What Happens During the Mortgage Loan Processing of Your Home Purchase
After you and seller have negotiated a final price and signed the official purchase contract, the home-buying focus falls upon the mortgage lender, who must finalize the mortgage loan for the closing.
Depending on the loan program and borrower situation, loan processing can take anywhere from one day to two months. The average processing period for most conforming loans is two to four weeks.
Loan processing and underwriting normally entails the verification, documentation and confirmation of the application data, so that the applicant and subject property are proven qualified for the mortgage financing. Processing normally entails the following stages:
- Property documentation
- Application Processing
- Final Underwriting
- Closing
Property Documentation
As soon as the purchase contract is complete, you should immediately fax a copy of it to the lender. You should also provide copies of any checks used to pay earnest money deposit, so as to document all funds used.
The lender will order an appraisal report for the subject property. For this, the lender and appraiser will need the names of either the sellers or the listing agent, since the appraiser will need to enter the property. The lender will not need the property inspection report, unless it is a new construction.
The lender will handle obtaining sufficient evidence of title, usually in the form of a preliminary title insurance commitment.
If the property is a condominium or part of any homeowners association, the lender must send a questionnaire to the association. In addition, the lender must obtain copies of the budget, certificate of insurance, declarations and by-laws for the association. With refinances, you should already have copies of these association documents.
The property is the collateral for the loan, and all mortgage lenders will insist on confirming that this collateral is sufficient and protected.
Application Processing
If you have not yet been preapproved or if there are any approval conditions still outstanding for the mortgage loan application, your mortgage lender must complete the loan processing so as to fully approve the loan.
Typical processing requirements include the following tasks and responsibilities:
- Sufficient verification of satisfactory income and employment
- Verification and documentation of sufficient buyer funds
- Compilation, with necessary explanations, of adequate credit history
- Review and acknowledgment of all necessary application forms and disclosures
- Documentation of acceptable property
The above documentation may take specific forms (such as recent pay stubs or a full appraisal report), and each lender will differ in the amount of documentation required. Whatever the requirement, you must try to assist and cooperate as much as possible, as lenders have very little leeway in what their auditors will allow.
The more quickly that you can respond to loan processing requirements, the more quickly that the loan application can be processed and approved.
With some issues, the lender must perform all of the documentation. However, you will be required to provide supporting documents, so borrower preparation is important.
Final Underwriting
Once all required processing documents have been compiled, the lender will perform its final underwriting of the mortgage loan application.
If the lender’s underwriter concludes that additional documents are needed, the lender will notify you immediately. The lender will still issue an approval, as long as the minimum processing documents have been provided—however, such approvals will normally be conditional.

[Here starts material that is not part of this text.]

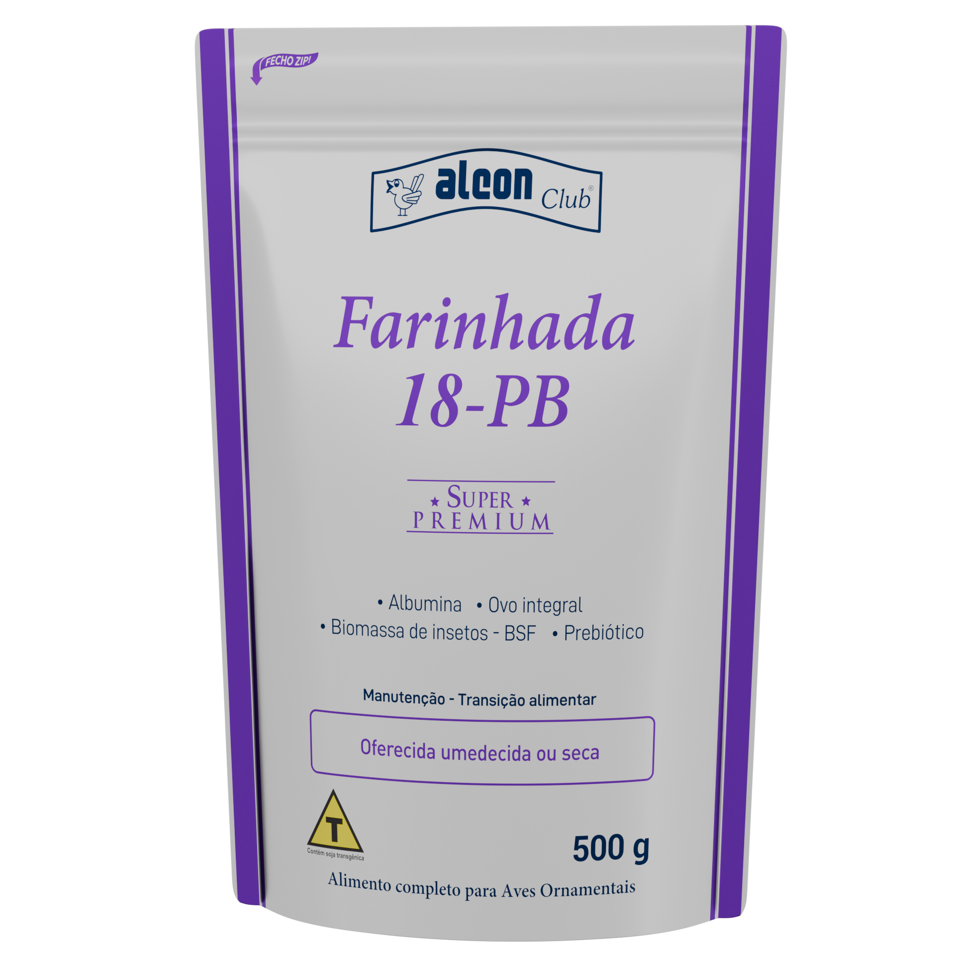 Alcon Club Farinhada 18-PB é um alimento completo Super Premium, cientificamente elaborado para suprir as necessidades nutricionais e energéticas de aves adultas durante a fase de manutenção ou como complemento da dieta em períodos especiais. Suas características particulares de textura, granulometria e maciez são ideais para os períodos de muda de bico e muda de penas. Muito recomendado para realizar transições alimentares em aves que têm dificuldade em aceitar o alimento extrusado. Sua composição criteriosamente balanceada, livre de corantes artificiais e palatabilizantes, possui albumina, ovo integral e biomassa de insetos - BSF (Black Soldier Fly), uma fonte de proteína sustentável de alta biodisponibilidade, rica em ácidos graxos e aminoácidos. Apresenta alta digestibilidade e palatabilidade, além de ser um alimento muito atrativo às aves.

As soon as the loan application is fully approved, the lender will issue a mortgage loan commitment for the specific loan amount, program and approved terms. With this commitment, all parties involved will begin final preparations for the settlement
Closing the Mortgage Loan Financing and Purchase
The days immediately before the closing can be very hectic times for you, as the borrower, often will have to rush for final documents and final conditions, such as a hazard insurance policy.
The seller’s attorney has the prerogative when scheduling closing. They also select the title company and office for the closing. Unfortunately for you, it is typically the seller’s choice, and you have no input regarding the title company. When it is time to schedule the closing, the seller’s attorney will consult with the lender and your attorney to arrange an acceptable day and time.
At the closing, the lender will provide a loan closing package that will include dozens of pages of legal documents and disclosures. These must all be reviewed and signed by you (and your attorney). Once all documents have been signed and all figures finalized, the purchase closing will be completed by the closing agent — culminating in exchange of funds, keys and possession of the property.
The closing agent will send the original loan documents back to the lender, after recording the mortgage and deed, and the mortgage loan will begin its normal servicing. The next chapter will discuss the closing in more detail.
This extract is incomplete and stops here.